01 October 2007

Préstame tu maquina del tiempo

Mañanas: I love the calm of mornings, which usually begin with a plate of fruit, a bit of yogurt, a small cup of coffee, or the occasional sweet chocolate milk or banana licuado. Renato usually puts loud music on while he gets ready for school and when he leaves, I go through his hundreds of cds. On a recent tranquil morning, I listened to the discography of Rodrigo Gonzalez (imagine a Mexican version of Bob Dylan), while reading Octavio Paz´s El Laberinto de la Soledad, along with my trusty diccionario. I think I actually spent more time looking through my dictionary, fascinated by how meanings connect to other words and expand into more meanings and create a whole web of ideas, sensations and possibilities. While I was looking at the multiple meanings of "extraviado," Rodrigo, in his gruff Chilango voice, sings "ha perdido su camino"- which fit perfectly into Paz's sentiment.

Familia: Renato´s family is amazing. They let us stay in their home for 2 weeks without ever asking for anything or seeming to be bothered at all. His mother, Marcela, cooked us ample and delicious breakfasts on the weekends, filled the table with fruit, tortillas, yogurt, honey, soup, quesadillas and homemade salsa for lunch, made us warm chocolate milk before bed and made us toast and tea in bed when our stomachs were hurting. Gaby, the youngest sister, sings loudly for most of the time she is in the house, practicing for the rock group she sings with. Martin, dad, usually keeps to himself but when his favorite futbol team, America, wins he´s in a good mood for days and will tell jokes and talk with everyone. On the weekends, Martin´s family gathers at his mother´s house and Marcela gets together with her beautiful group of sisters for a day-long lunch. The entire family is lovely and friendly, and they always make me feel like part of the family when I visit. When I asked Renato if it was any problem for them, he assured me that though they are a humble family, they were happy to take care of us because simply, that´s what people do. Ah, Mexico, who would want to leave you?

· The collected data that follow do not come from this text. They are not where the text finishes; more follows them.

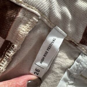 PACSUN Eco Flower Checkerboard High Waisted Denim Festival Shorts Size 26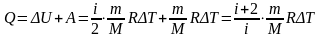 Для одноатомного газа i = 3, для двухатомного i = 5, для трех (и более)атомного i = 6.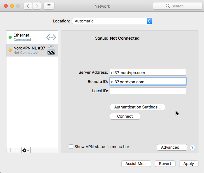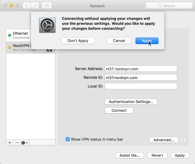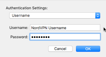 - Klicke auf Authentifizierungseinstellungen... (Authentication Settings…). Wähle Benutzername (Username) als Authentifizierungsmethode und gib dann deinen NordVPN-Benutzernamen und dein Passwort ein. Klicke auf OK und dann auf Übernehmen (Apply).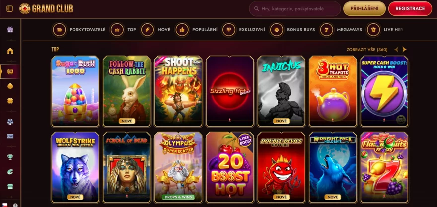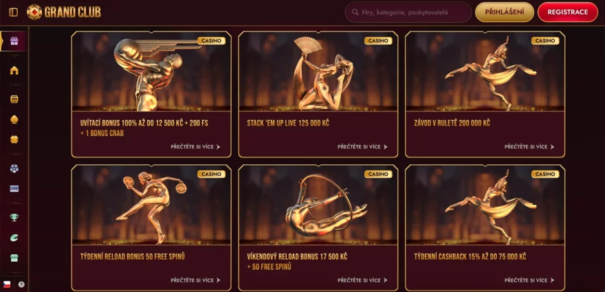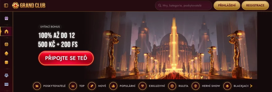 Grand Club Casino je nováčkem na online herní scéně, ale už od svého spuštění v létě 2024 působí dojmem, že přišlo nabídnout zážitek hodný červeného koberce. Hned po vstupu vás přivítá luxusní zlaté prostředí, monumentální vizuály a atmosféra připomínající slavnostní gala večer. Design tu není jen na okrasu – pod pozlaceným kabátem se skrývá obrovská knihovna více než 8 000 her, propracovaná sekce live casina, sportovní sázky a e-sporty i speciální promoakce, které jinde nenajdete. Grand Club navíc spojuje casino a sázkovku pod jednou střechou, takže se mezi jednotlivými formami zábavy přepíná bez zbytečných kliků. V této recenzi se podíváme, zda jeho vítací balíček, turnaje, VIP program i celková uživatelská zkušenost stojí za to – a co mohou očekávat čeští hráči, kteří chtějí okusit zlatý svět online zábavy.
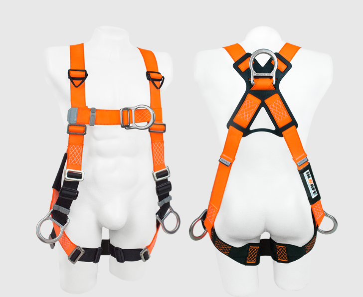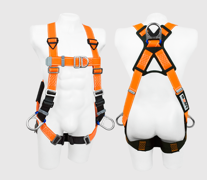 Arnés en H de cuerpo entero en reata polyester REFLECTIVA DE ALTA VISIBILIDAD. 4 ARGOLLAS EN ACERO posee 1 argolla dorsal en “D” para detención y restricción de caídas, 2 argollas laterales en “D” para posicionamiento a un punto fijo y 1 argolla frontal en “D” para ascenso y descenso controlado. SOPORTE LUMBAR CON DISEÑO ERGONÓMICO que minimiza el riesgo en las malas posturas del usuario. REATA REFLECTIVA 400 LÚMENES

Things we take for granted: We are driving down the dimly-let, wet, Calle San Diego, looking for a birthday party for the sister of a friend of a friend (in Mexico, if there´s a party, everyone is invited) after losing the car that we were following. We know the address: 109. On the right side of the street we see 175 and the numbers appear to be lowering. Ok, so we know which side of the street it´s on, at least. Driving further along, we pass through all of the 100s and never see 109. So, we keep on driving and low and behold the numbers start back at 200 and are lowering again, but this time the odds and evens have switched sides of the street. Then the numbers jump erratically: 205, 147, 212, 27. We decide looking for the address is no longer a good idea and decide to go back to where we heard loud music coming from a house. Tony runs into the house because it´s too dark to see if its the right place from outside and of course we should have trusted our first instinct- go where the music´s the loudest and forget numbers.